__WHAT NEEDS TO BE DONE__.
Your answer should consist only of the lines below from the one with "2015 年,就有一位患有先" through the one with "VIN: WBAPL5C58BA920043", copied exactly.

__MATERIAL SHOWN__.
+--

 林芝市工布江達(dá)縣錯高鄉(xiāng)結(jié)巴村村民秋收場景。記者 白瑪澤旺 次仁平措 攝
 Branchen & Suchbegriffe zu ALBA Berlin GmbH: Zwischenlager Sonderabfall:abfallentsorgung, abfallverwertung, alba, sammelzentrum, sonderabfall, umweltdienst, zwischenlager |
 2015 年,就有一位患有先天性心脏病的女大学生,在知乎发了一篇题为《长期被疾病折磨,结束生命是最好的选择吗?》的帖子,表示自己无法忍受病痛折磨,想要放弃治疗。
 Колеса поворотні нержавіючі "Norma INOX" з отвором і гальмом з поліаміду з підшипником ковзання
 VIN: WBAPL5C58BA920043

+--

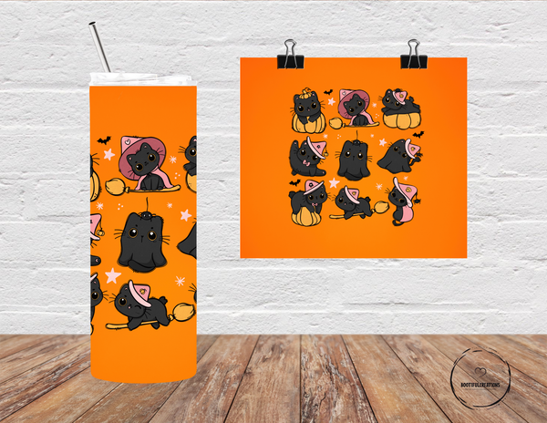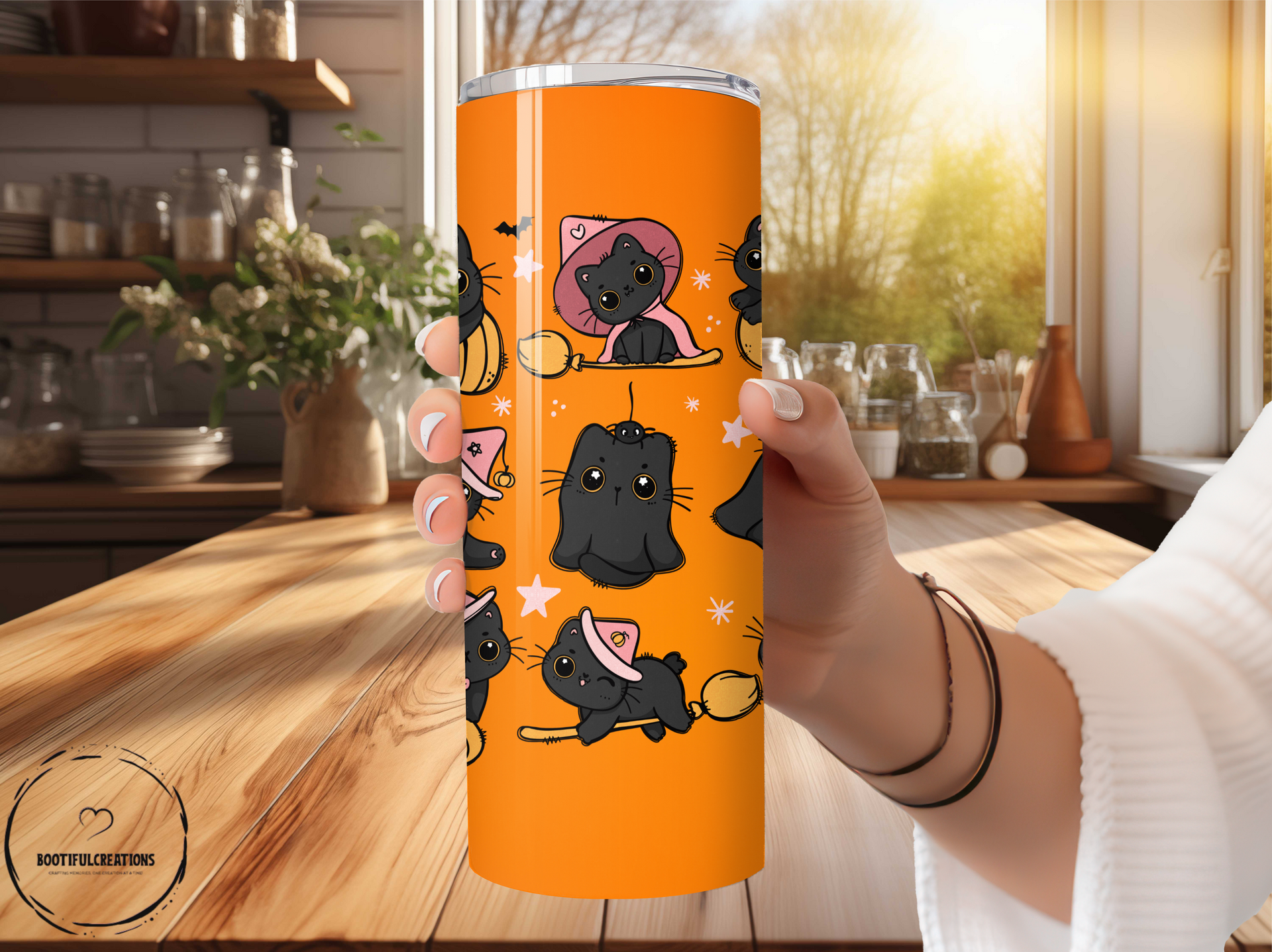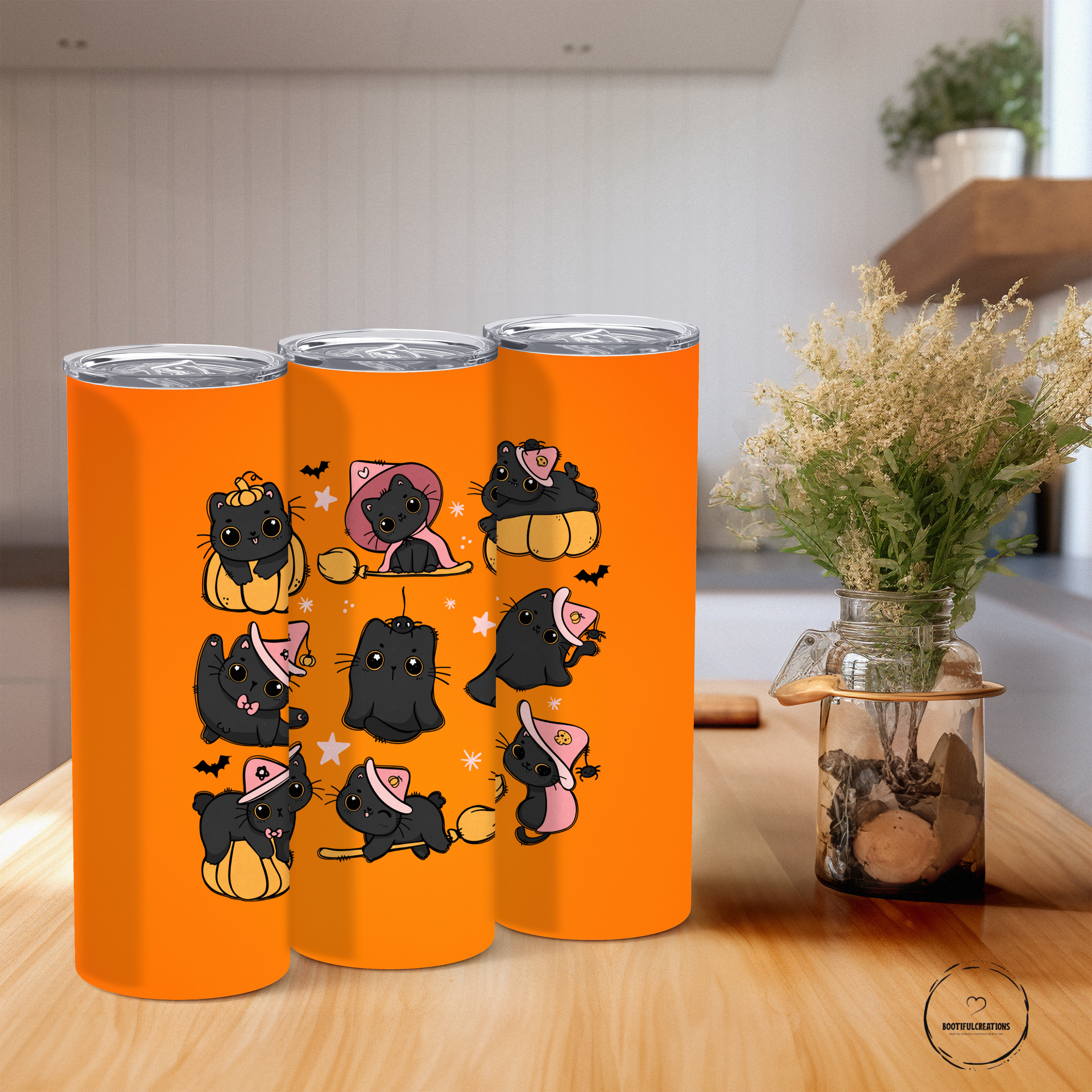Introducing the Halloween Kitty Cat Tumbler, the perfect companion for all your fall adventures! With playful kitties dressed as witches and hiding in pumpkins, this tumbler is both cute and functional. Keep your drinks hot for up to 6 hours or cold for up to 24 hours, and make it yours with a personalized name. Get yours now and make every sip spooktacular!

+--

__YOUR RESPONSE__.
 2015 年,就有一位患有先天性心脏病的女大学生,在知乎发了一篇题为《长期被疾病折磨,结束生命是最好的选择吗?》的帖子,表示自己无法忍受病痛折磨,想要放弃治疗。
 Колеса поворотні нержавіючі "Norma INOX" з отвором і гальмом з поліаміду з підшипником ковзання
 VIN: WBAPL5C58BA920043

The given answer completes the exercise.